Ainsi, pour Bédié, Marcoussis lève le verrou pour qu’il n’y ait plus de limite d’âge en politique. C’est bien une façon de dire tant qu’il est en vie, il pourra toujours demeurer à la tête de son parti, peu importe la force physique. Le président du Pdci évacue donc tout le doute sur son désir de se porter encore candidat au prochain congrès de son parti.

Bédié a raison, car un parti politique est une association privée. C’est une cuisine interne qui ne concerne que les militants de son parti. Si ceux-ci veulent d’un président à vie, ils s’inscriront dans cette dynamique à leur congrès. Mais il n’est pas normal que Bédié établisse un lien avec l’élection présidentielle. Car Marcoussis avait fait des faveurs momentanées et de façon exceptionnelles en raison de la crise.

Quand le président du Pdci se réfère à Marcoussis, cela voudrait dire que Marcoussis se substitue désormais à la loi fondamentale, la Constitution ivoirienne. Marcoussis ne régit pas le fonctionnement de la Côte d’Ivoire. La preuve, après Marcoussis, Laurent Gbagbo a fait usage de l’article 48 de la Constitution pour permettre à Ouattara d’être candidat de façon exceptionnelle.

Pour dire que Marcoussis ne doit pas servir d’éternelle boussole au fonctionnement de la Côte d’Ivoire. Qu’un ancien président de la République raisonne de la sorte, c’est faire preuve de méconnaissance de son pays et des lois qui le régissent. En tout état de cause, Marcoussis peut abolir la limite d’âge, mais l’être humain peut trouver que ses forces le lâchent et renoncer à un poste.

On l’a vu au Cameroun avec Amadou Ahidjo qui a quitté le pouvoir. En Afrique du Sud, Nelson Mandela s’est contenté d’un seul mandat, avant de renoncer au pouvoir. Tout près de nous, au Ghana, Jerry Rawlings a laissé le pouvoir. Au Sénégal, Léopold S. Senghor a su partir de la présidence de la République. Pourtant, ces personnes avaient la possibilité de mourir au pouvoir, mais elles ont trouvé qu’elles n’avaient plus l’énergie nécessaire pour rester à la tête de l’Etat.

C’est sur la présidentielle de 2015 qu’on attendait une clarification du Pdci.

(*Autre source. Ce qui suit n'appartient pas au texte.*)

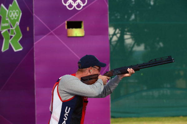 U.S. Army World Class Athlete Program shotgun shooter Sgt. Glenn Eller shoots the opening round of Olympic men’s double trap qualification Thursday morning at the Royal Artillery Barracks range in London.Army photo

Est-ce que le Pdci, le plus vieux parti, aura un candidat ? «La politique, c’est l’art de l’impossible. Ce qu’on ne peut pas imaginer peut être la réalité». Telle est la réponse du président Bédié. Ce qui voudrait dire que, pour lui, il est fort possible que le Pdci ne présente de candidat pour la présidentielle 2015. C’est là une autre façon de dire que le Pdci peut s’abstenir de présenter un candidat en 2015.

Le raisonnement de Bédié donne raison à ceux qui le soupçonnent de vouloir liquider le Pdci au profit de la candidature d’Alassane Ouattara. Il veut préparer le terrain pour permettre à Ouattara de s’adosser au Pdci afin de se maintenir au pouvoir.

 

Benjamin Koré, in le quotidien ivoirien "Notre Voie" du 14 Juin 2013.